Sarcasm Identification of Dravidian Languages Tamil & Malayalam

Task Description

Sarcasm is regarded as one of the most challenging tasks for sentiment analysis systems. It indirectly communicates an opinion, with the intended meaning diverging from the literal one. There is an increasing demand for sarcasm and sentiment detection on social media texts which are largely code-mixed for Dravidian languages. Code-mixing is a prevalent phenomenon in a multilingual community and the code-mixed texts are sometimes written in non-native scripts. Systems trained on monolingual data fail on code-mixed data due to the complexity of code-switching at different linguistic levels in the text. This shared task presents a new gold standard corpus for sarcasm and sentiment detection of code-mixed text in Dravidian languages (Tamil-English and Malayalam-English).


The Tamil language is spoken by Tamil people in India and Sri Lanka, and by the Tamil diaspora around the world, with official recognition in India, Sri Lanka, and Singapore. Malayalam is a Dravidian language spoken predominantly by the people of Kerala, India. The Tamil script evolved from the Tamili script, Vatteluttu alphabet, and Chola-Pallava script. It has 12 vowels, 18 consonants, and 1 āytam (voiceless velar fricative). Minority languages such as Saurashtra, Badaga, Irula, and Paniya are also written in the Tamil script. Malayalam scripts are alpha-syllabic, belonging to a family of abugida writing systems that is partially alphabetic and partially syllable-based. However, social media users often mix Roman script for typing because it is easy to input. Hence, the majority of the data available in social media for these under-resourced languages are code-mixed.

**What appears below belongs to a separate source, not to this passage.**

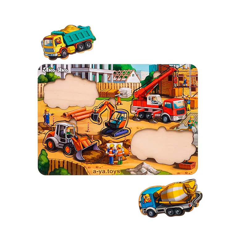 Яскравий тематичний фон цього сортера дітям цікаво буде розглядати та вивчати у деталях, а вкладиші будівельної техніки зручно діставати пальчиками та вкладати на свої місця за формою. Можна також порахувати техніку та поговорити про її функцію в будівництві.

The goal of this task is to identify sarcasm and sentiment polarity of the code-mixed dataset of comments/posts in Tamil-English and Malayalam-English collected from social media. A comment/post may contain more than one sentence but the average sentence length of the corpora is 1. Each comment/post is annotated with sentiment polarity at the comment/post level. This dataset also has class imbalance problems depicting real-world scenarios. Our proposal aims to encourage research that will reveal how sarcasm is expressed in code-mixed scenarios on social media.


Anti-Harassment Policy

Broad categories of the track (eg: IR, NLP, ML, etc). More than one category can be mentioned:

Use cases

Sarcasm is a type of verbal irony that expresses disgust or derision. Sarcasm is regarded as one of the most challenging challenges for sentiment analysis systems. It indirectly communicates an opinion, with the intended meaning diverging from the literal one. Sentiment analysis is a topic of great interest recently since business strategies can be enhanced with insights obtained from the opinions about the product or subject of interest from the users. As mentioned earlier, most comments on social media are code-mixed. The pervasiveness and user-friendliness of such platforms invite all users from different strata of society to express their subjective opinions and true feelings about a topic with no filter. Hence it is true that the real sentiments about a subject can be extracted from the analysis of code-mixed data. With the introduction of sentiment analysis research, researchers began to tackle the challenges affecting this task, such as sarcasm.

We will release the dataset for YouTube comments on movie trailers. This shared task can bring researchers from academia and industry who are looking to find out the sarcasm and sentiments from social media comments in order to predict how well a movie will be received by the viewers.